Re: Planning performance problem (67626.278ms)

From: David Rowley <dgrowleyml(at)gmail(dot)com>
To: Jeremy Schneider <schnjere(at)amazon(dot)com>
Cc: "pgsql-performance(at)lists(dot)postgresql(dot)org" <pgsql-performance(at)lists(dot)postgresql(dot)org>, Andres Freund <andres(at)anarazel(dot)de>
Subject: Re: Planning performance problem (67626.278ms)
Date: 2021-04-21 14:14:21
Message-ID: CAApHDvq9o1J45is6w-3Gv1UgtuDQ4eQP4UhFPQSnQmEH_EijvQ@mail.gmail.com
Views: Raw Message | Whole Thread | Download mbox | Resend email
Thread:
Lists: pgsql-performance

On Thu, 22 Apr 2021 at 00:03, Jeremy Schneider <schnjere(at)amazon(dot)com> wrote:
>
> Two years later, I still remember this. And today I just confirmed
> someone hitting this on open source PG13.

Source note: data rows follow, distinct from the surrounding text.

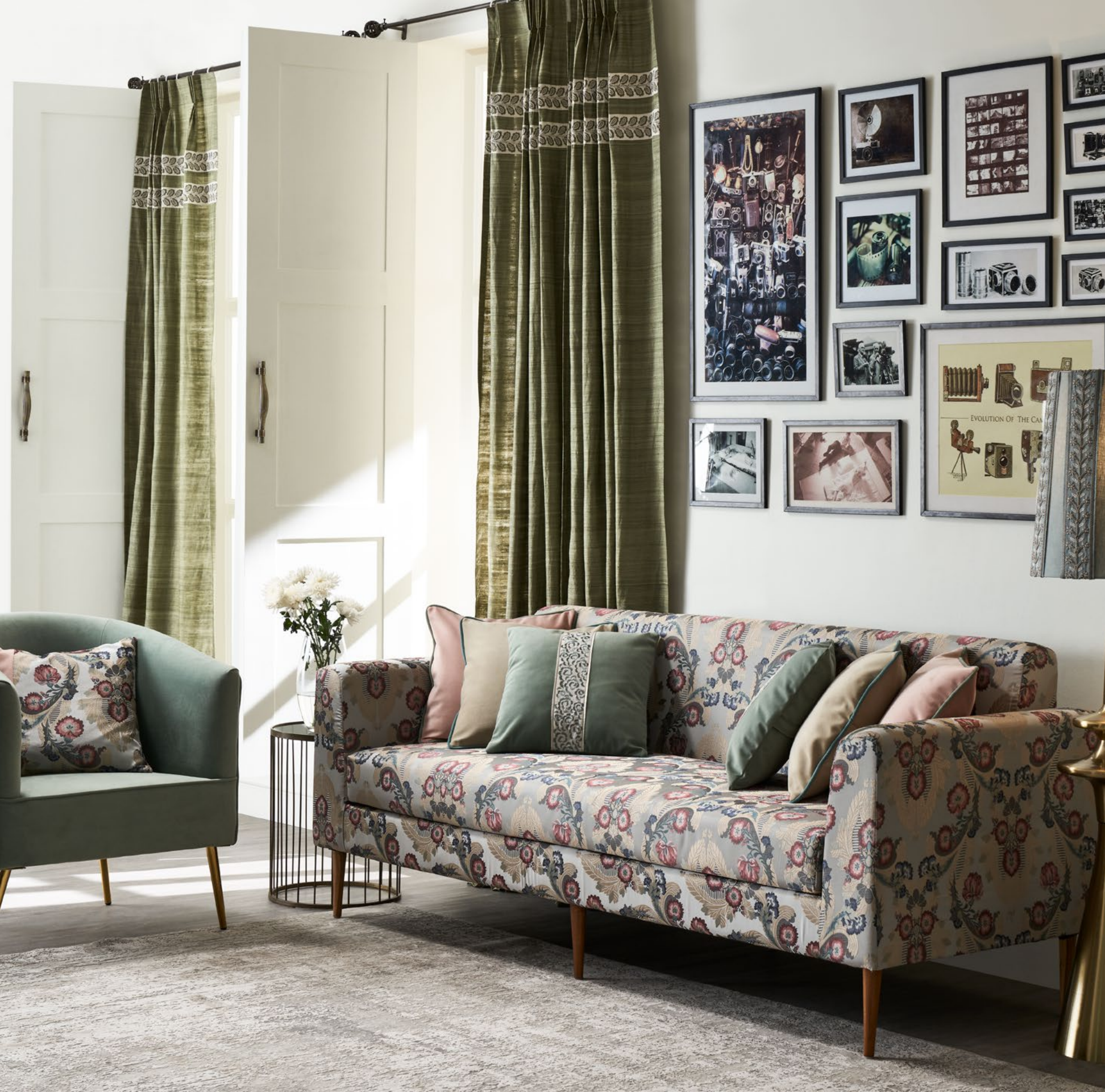
Sofa Bastia Platinum Sofa Cushions Lucca Velvet Mellow Rose, Lucca Velvet Gravel, Lucca Velvet Iceberg Green, Cushion Trim Lewis Border Nicholson Trellis Armchair Lucca Velvet Iceberg Green Armchair Cushion Bastia Platinum Curtain Benaras Silks Kosi Sage Curtain Trim Lewis Border Hemsley Sage Lamp Trim Lewis Border Cosway Crockery
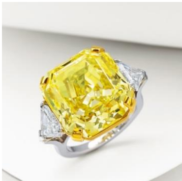
Lot 1228 Extremely Fine and Rare 20.02-Carat Natural Fancy Vivid Yellow Diamond and Diamond Ring HK$ 18.55 M / US$ 2.38 M
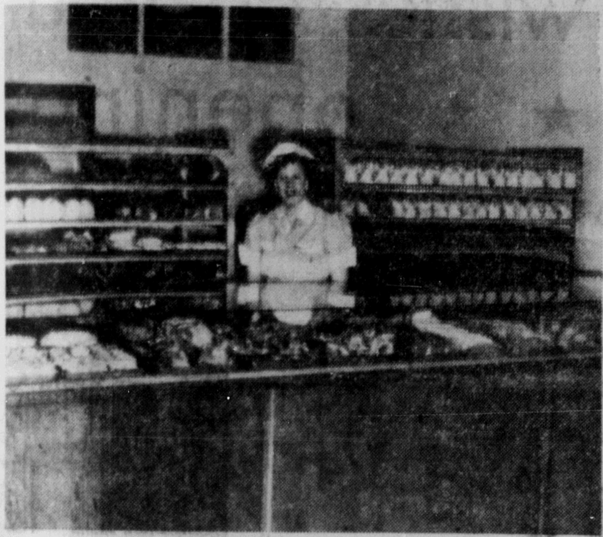
BAKERY, FULLY MODERN and up-to-date in every way was established to serve the needs of fishermen at sea. Today it is one of Prince Rupert's leading bakeries of delicious bread and cakes.

Fishermen Have Found "It Pays to Co-Operate"
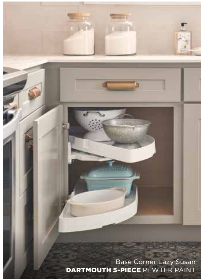
Base Corner Lazy Susan DARTMOUTH 5-PIECE PEWTER PAINT
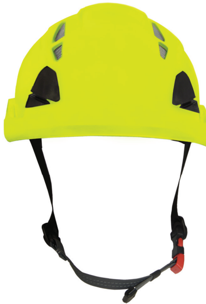
(Front with Chin Strap)
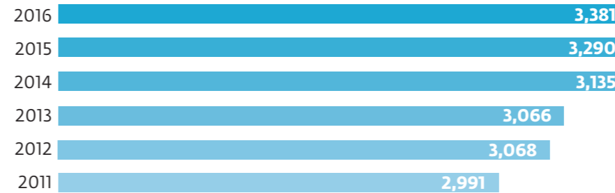
Number of new patient cases per year
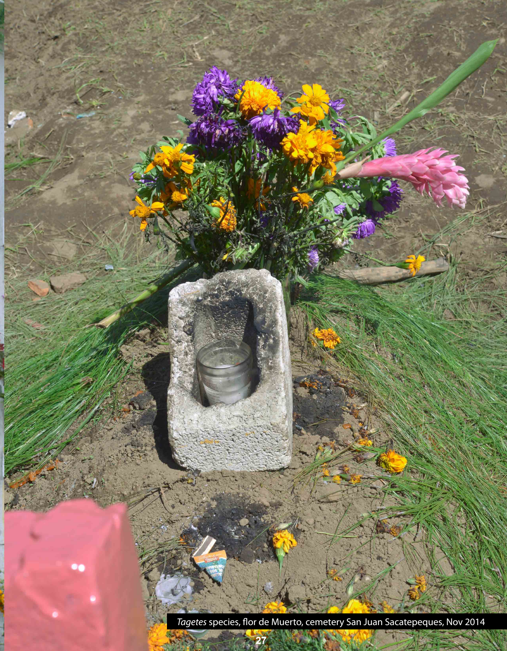
Tagetes species, flor de Muerto, cemetery San Juan Sacatepeques, Nov 2014
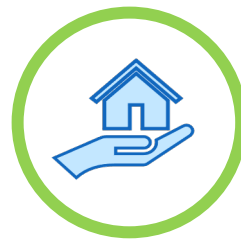
Permanent Supportive Housing
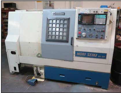
Mori Seiki SL-20 CNC Turning Center w/ Yasnac Controls, 10-Station Turret, Hydraulic Tailstock, 8"3-Jaw Chuck, 3] Spindle Nose

PRESORTED First-Class Mail U.S. Postage PAID STA CLARITA, CA Permit No. 298
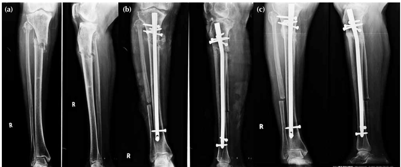
Figure 2 Radiographs showing (a) a proximal tibial shaft fracture with delayed union, (b) fibulectomy and revision with intramedullary nailing supplemented with Poller screws, and (c) good callus formation and bone union at month 6.

The only thing that changed about get_actual_variable_range() is that
it now uses a SnapshotNonVacuumable snapshot. Previously a
long-running transaction could have caused vacuum to be unable to
remove tuples which could have caused get_actual_variable_range() to
be slow if it had to skip the unvacuumable tuples.

That's now changed as the SnapshotNonVacuumable will see any tuples
required by that long-running transaction and use that to determine
the range instead of skipping over it.

Anyone with a large number of tuples that vacuum can remove that are
at either end of the range on a column that is indexed by a btree
index could still have issues. Vacuuming more often might be a good
thing to consider. With the original report on this thread there were
more dead tuples in the table than live tuples. Disabling auto-vacuum
or tuning it so it waits that long is likely a bad idea.

FWIW, here's a simple test case that shows the problem in current master.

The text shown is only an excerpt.